Search is more complex than it may seem at first. An e-commerce search engine is built to enable customers to find the products that they are looking for. A customer will search for a product, perhaps by name, and the search engine will check the database of products and return those that match the search query. Perhaps you could write a search engine with a simple SQL query:

SELECT * FROM products WHERE product_title LIKE '%{search_query}%'

This may seem to yield decent results for some search queries – but there are many problems with such an approach.

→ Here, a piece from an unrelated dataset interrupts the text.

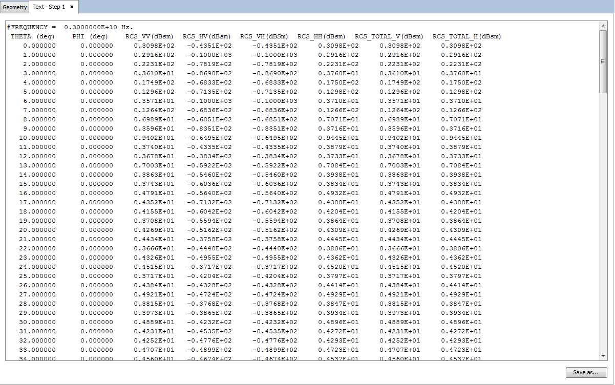 Click on Show Results → RCS → View Text Files. Then select the Steps and press OK to see the RCS data file.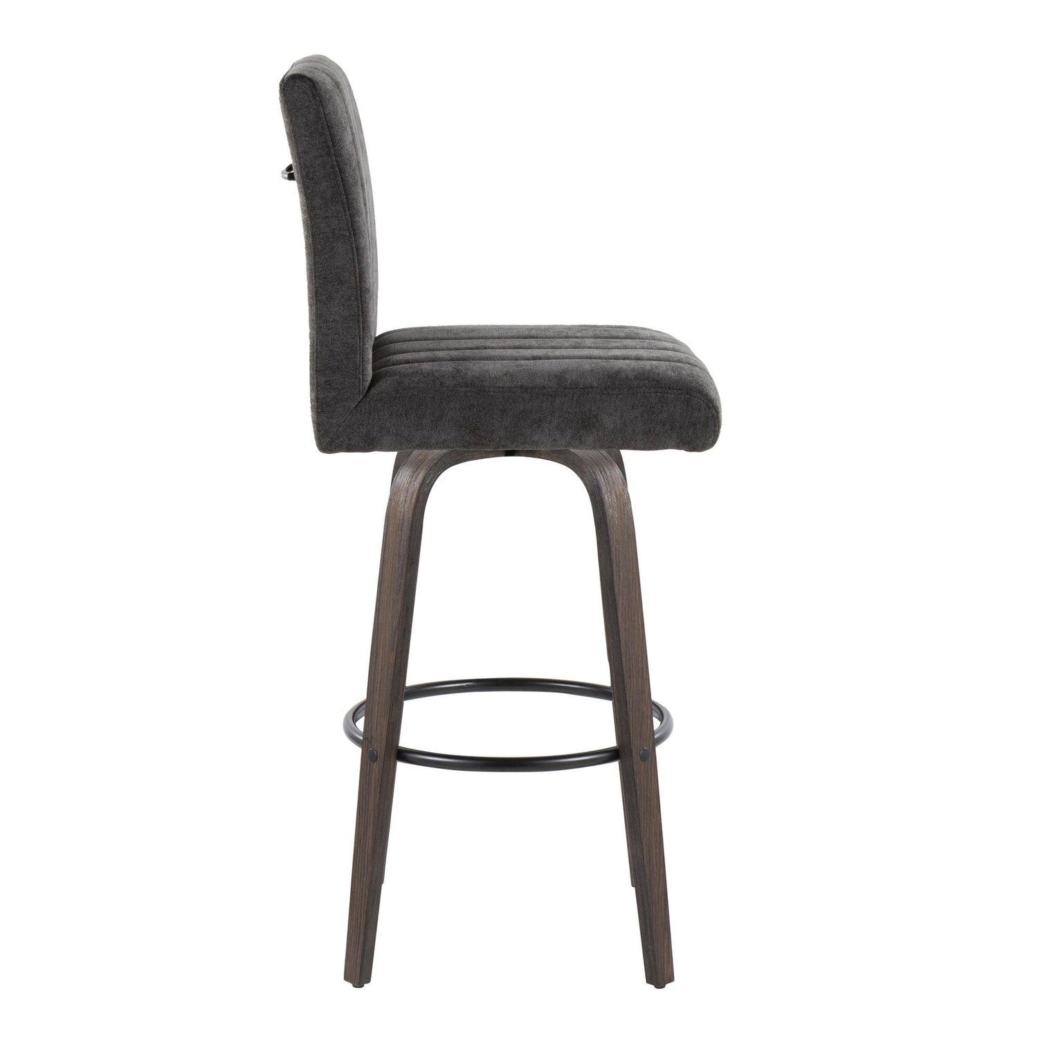 Hannah - 30" Fixed-Height Barstool With Swivel And Round Black Metal Footrest (Set of 2) - Walnut Glazed Wood And Black Fabric

  • Exact substring matches only. A search for ‘matrix dvd’ won’t match ‘The Matrix (1999) – DVD’.
  • No way to order the results. What if the query is ‘xbox’ and 100 products have ‘xbox’ in their title? Xbox games, xbox accessories and xbox’s themselves. Our query will find these products, but we have no way to order our results based on the most relevant matches.
  • Only searching a single field. What if we want to enable our customers to search for authors, directors, brands etc? Sure, we could change our query to look in multiple fields, but surely those fields shouldn’t be given the same importance as the product title, right?
  • No support for synonyms. A search for ‘football’ won’t match any products with ‘soccer’ in their title.
  • No stop word filtering. These are common words like ‘and’, ‘the’ and ‘of’. These words are usually not important in a search, especially in determining which products match a query. When we are searching just on product title, the negative effect of stop words is not so noticeable. But imagine if we want to extend our search engine to search over a larger body of text, such as a product description. In this case, most of the products in our database will contain stop words in the description, and it certainly doesn’t mean they should match the query.
  • No stemming. This is the process of truncating a word to its simplest form, in order to extract its root meaning. For example, ‘fisher’, ‘fishing’ and ‘fished’ all have similar meanings. These words could all be stemmed to ‘fish’, so that a search for any one of these terms will match all products related to fish.
  • Term frequencies are not considered. The frequency of a term in the corpus (i.e. across the entire database of products) can actually give us a lot of information about how important each term in a query is. If you consider a search for ‘game of thrones’. There are three terms in this query, one of which is a stop word. Now imagine that we are a game retailer and all of our products are games. Many of the products in our database will match the term ‘game’ while only a few will match the term ‘thrones’. This is because the term frequency for ‘game’ across our entire database is a lot higher than it is for ‘thrones’. With this knowledge, we know that ‘thrones’ is the more important term – products which match this word are more relevant.
  • Typical SQL databases won’t scale. As our product base and the volume of queries per second grows, standard databases will quickly become slow – partly because they are not designed for full-text search, where we are searching bodies of text for partial matches.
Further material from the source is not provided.